_WHAT IS EXPECTED:_ Copy out the data below from the line containing "動漫作品會將故事角色具象化,在粉絲看來,角色相關的所有細" to the line containing "짜증나더라. 미국에선 50년", both lines included, with all images left out.

_MATERIAL SUPPLIED:_
- Opening Delimiter -

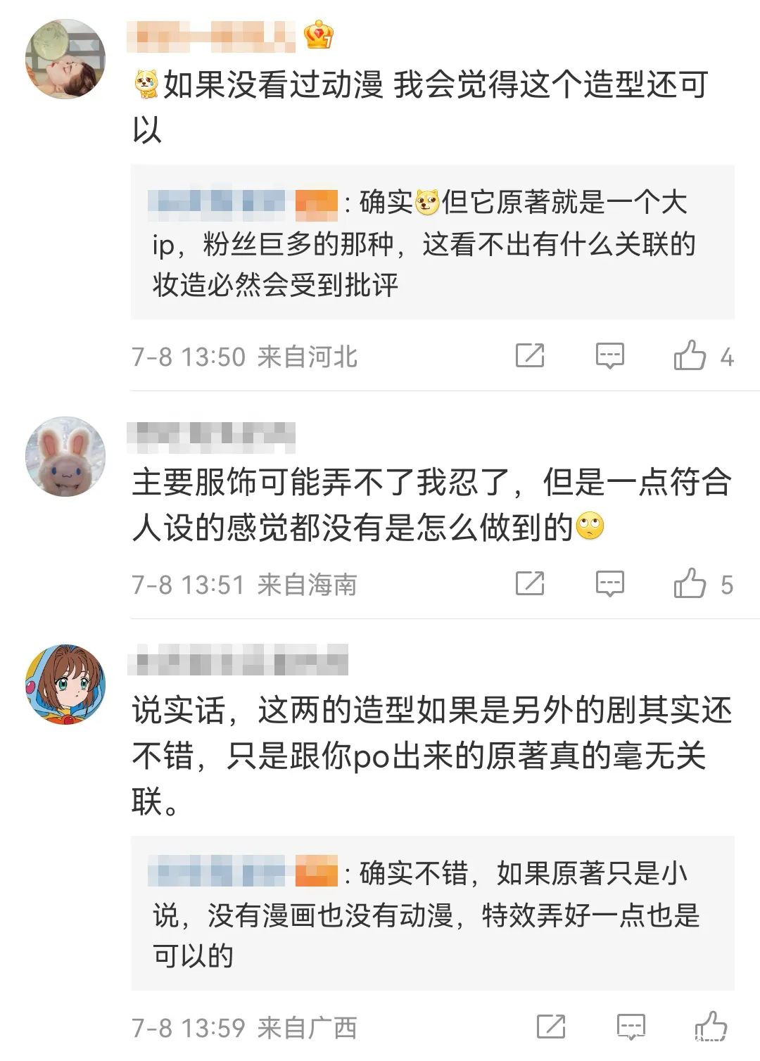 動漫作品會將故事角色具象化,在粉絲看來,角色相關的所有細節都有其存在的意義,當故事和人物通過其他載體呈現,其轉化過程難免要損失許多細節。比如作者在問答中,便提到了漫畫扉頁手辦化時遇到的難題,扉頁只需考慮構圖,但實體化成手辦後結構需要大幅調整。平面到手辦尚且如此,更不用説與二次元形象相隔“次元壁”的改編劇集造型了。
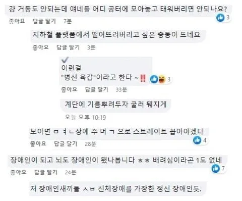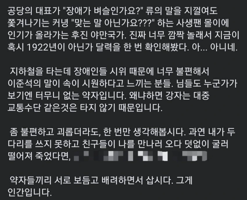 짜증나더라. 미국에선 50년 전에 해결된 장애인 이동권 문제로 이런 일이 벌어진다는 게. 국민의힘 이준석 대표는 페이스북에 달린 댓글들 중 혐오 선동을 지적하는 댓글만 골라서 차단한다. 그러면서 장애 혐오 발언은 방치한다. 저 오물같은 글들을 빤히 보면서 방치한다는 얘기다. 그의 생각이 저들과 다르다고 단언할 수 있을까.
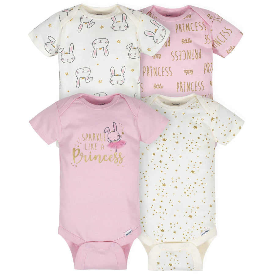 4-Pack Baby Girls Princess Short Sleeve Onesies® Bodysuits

- Closing Delimiter -
- Opening Delimiter -

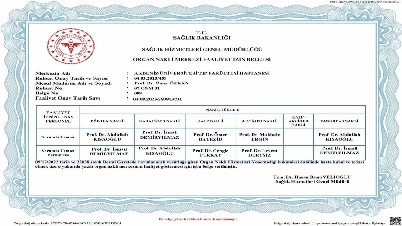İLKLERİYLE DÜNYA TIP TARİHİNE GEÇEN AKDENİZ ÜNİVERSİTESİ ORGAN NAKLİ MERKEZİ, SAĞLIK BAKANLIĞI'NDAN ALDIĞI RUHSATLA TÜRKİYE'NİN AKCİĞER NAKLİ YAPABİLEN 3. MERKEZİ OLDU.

- Closing Delimiter -
- Opening Delimiter -

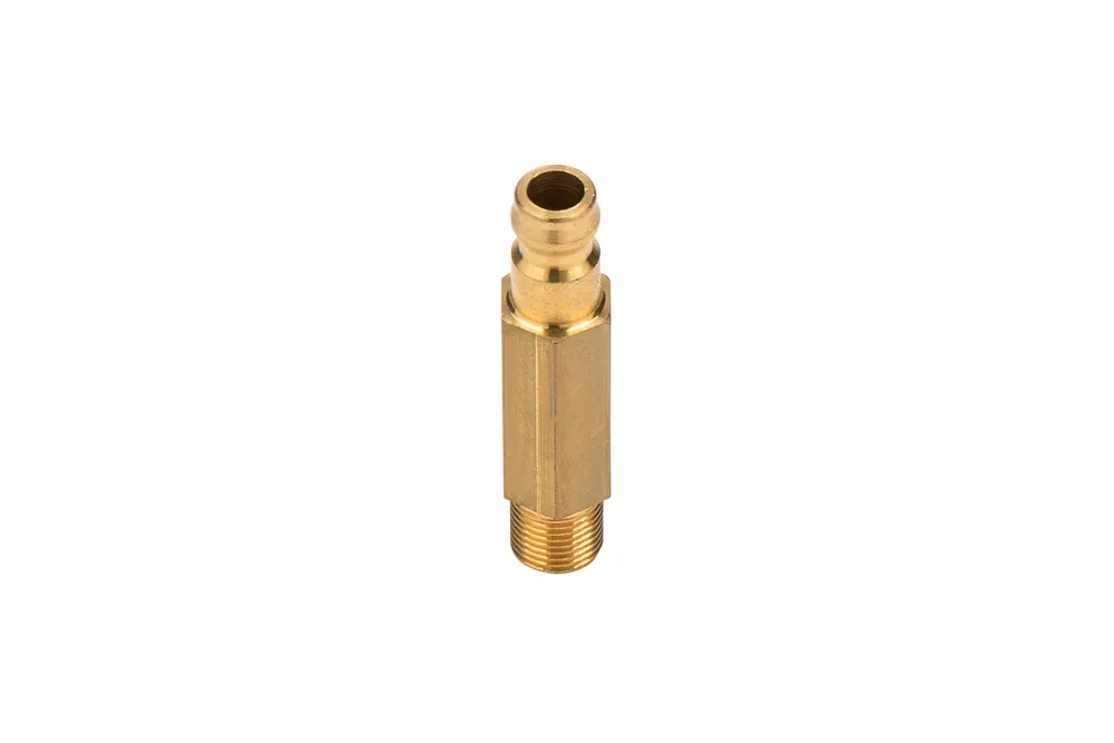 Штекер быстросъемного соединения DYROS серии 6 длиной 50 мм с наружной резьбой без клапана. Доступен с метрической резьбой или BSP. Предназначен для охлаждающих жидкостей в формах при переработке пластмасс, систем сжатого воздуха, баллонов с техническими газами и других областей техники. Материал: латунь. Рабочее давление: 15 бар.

- Closing Delimiter -

_SOLVED PROBLEM:_
 動漫作品會將故事角色具象化,在粉絲看來,角色相關的所有細節都有其存在的意義,當故事和人物通過其他載體呈現,其轉化過程難免要損失許多細節。比如作者在問答中,便提到了漫畫扉頁手辦化時遇到的難題,扉頁只需考慮構圖,但實體化成手辦後結構需要大幅調整。平面到手辦尚且如此,更不用説與二次元形象相隔“次元壁”的改編劇集造型了。
 짜증나더라. 미국에선 50년 전에 해결된 장애인 이동권 문제로 이런 일이 벌어진다는 게. 국민의힘 이준석 대표는 페이스북에 달린 댓글들 중 혐오 선동을 지적하는 댓글만 골라서 차단한다. 그러면서 장애 혐오 발언은 방치한다. 저 오물같은 글들을 빤히 보면서 방치한다는 얘기다. 그의 생각이 저들과 다르다고 단언할 수 있을까.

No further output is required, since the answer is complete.